The Hampton Lady Pirates basketball team is the basketball team that represents Hampton University in Hampton, Virginia, United States. The school's team currently competes in the Colonial Athletic Association.

History
Hampton began play in 1975. They competed in the CIAA in their time in Division II, winning three tournament titles and four regular season titles, with three runner up finishes in the tournament final.
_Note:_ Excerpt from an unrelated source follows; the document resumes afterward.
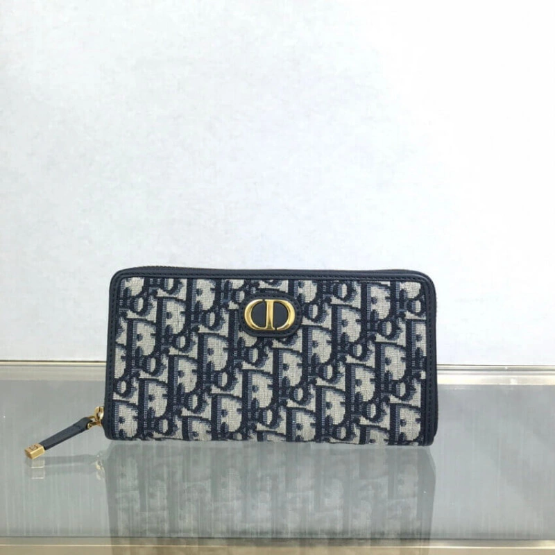 Blue Dior Dior 30 Montaigne Wallet Blue Oblique Jacquard

They made the NCAA Division II Tournament in 1985, 1986, 1987, 1988, 1989, 1991, and 1994. They won the 1988 NCAA Division II women's basketball tournament, beating West Texas State 65–48. They joined Division I in 1995. Since joining Division I (and the MEAC), they have won conference tournament titles in 2000, 2003, 2004, 2010, 2011, 2012, 2013, 2014, 2017 (reaching the NCAA Tournament in those corresponding years) and regular season titles in 1999, 2003, 2004, 2011, 2012, 2013, 2014, and 2015. As of the end of the 2015-16 season, the Lady Pirates have an all-time record of 752-462.

Postseason appearances

NCAA Division I tournament
Hampton has played in the NCAA Division I women's basketball tournament nine times. They have an 0-9 record.

NCAA Division II tournament
Hampton had participated in six NCAA Division II women's basketball tournaments in their time in that classification. They went 10-5, with one title.

WNIT appearances
The Lady Pirates have played in the Women's National Invitation Tournament once. They have a record of 1-1.